Aleca bardzo martwił ten stan rzeczy. Nie chodziło tylko o to, że jego mąż wyglądał inaczej. Ba, w za dużej bluzie z kapturem byłby nawet bardzo uroczy! Gdyby tylko nie te smutne oczy i ponura mina... Wielokrotnie próbował wyciągnąć z niego o co chodzi, jednak w tym temacie starszy milczał jak zaklęty. Lightwood był niemal pewien, że ma to związek z tajemniczym zniknięciem Jace'a poprzedniej nocy, jednak nie wiedział jeszcze jak połączyć fakty, by utworzyły one jedną spójną całość. Mimo tego postanowił spędzić ten dzień ze swoim ukochanym, a dowodzenie nad Instytutem i podejmowanie decyzji dotyczących ich najnowszego, rudowłosego więźnia, powierzył Aline Penhallow. Wiedział, że w tej sprawie mógł liczyć na dziewczynę.
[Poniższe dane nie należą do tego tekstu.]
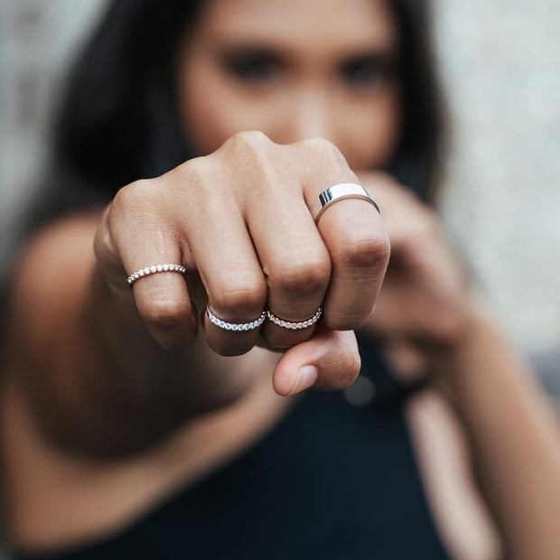 Regular price $3,150.00 Save $-3,150.00The Mulia Band is bold beauty at its finest. Our widest diamond band, it features a channel-style micro-pavé setting that creates a seamless ribbon of light across the finger. Its dramatic width and brilliant sparkle make an unforgettable statement, while the soft touch of romance in its design adds depth and elegance. Whether worn alone or paired with your favorites, this is the ring that turns every glance into admiration.

- No dalej, Magnus, powiedz mi o co chodzi- powiedział, siadając na łóżku obok Maga i chwytając go za dłoń. Zauważył, że nie było na niej fantazyjnych pierścieni, a czarny lakier miejscami odpryskiwał od pomalowanych paznokci.

- To nic takiego, Alexandrze- Czarownik spojrzał na ich splecione ze sobą palce i poczuł ukłucie w sercu. Wiedział, że nie powinien brać do siebie wczorajszych słów blondyna, ale był on jednak bratem Aleca. Co jeśli myśleli tak samo o jego makijażu i ubraniach? Co jeśli partner będący szefem całego nowojorskiego Instytutu wstydził się pokazywać przy nim każdego dnia swojej pracy? Inni Nocni Łowcy pewnie wyśmiewali się z niego za plecami.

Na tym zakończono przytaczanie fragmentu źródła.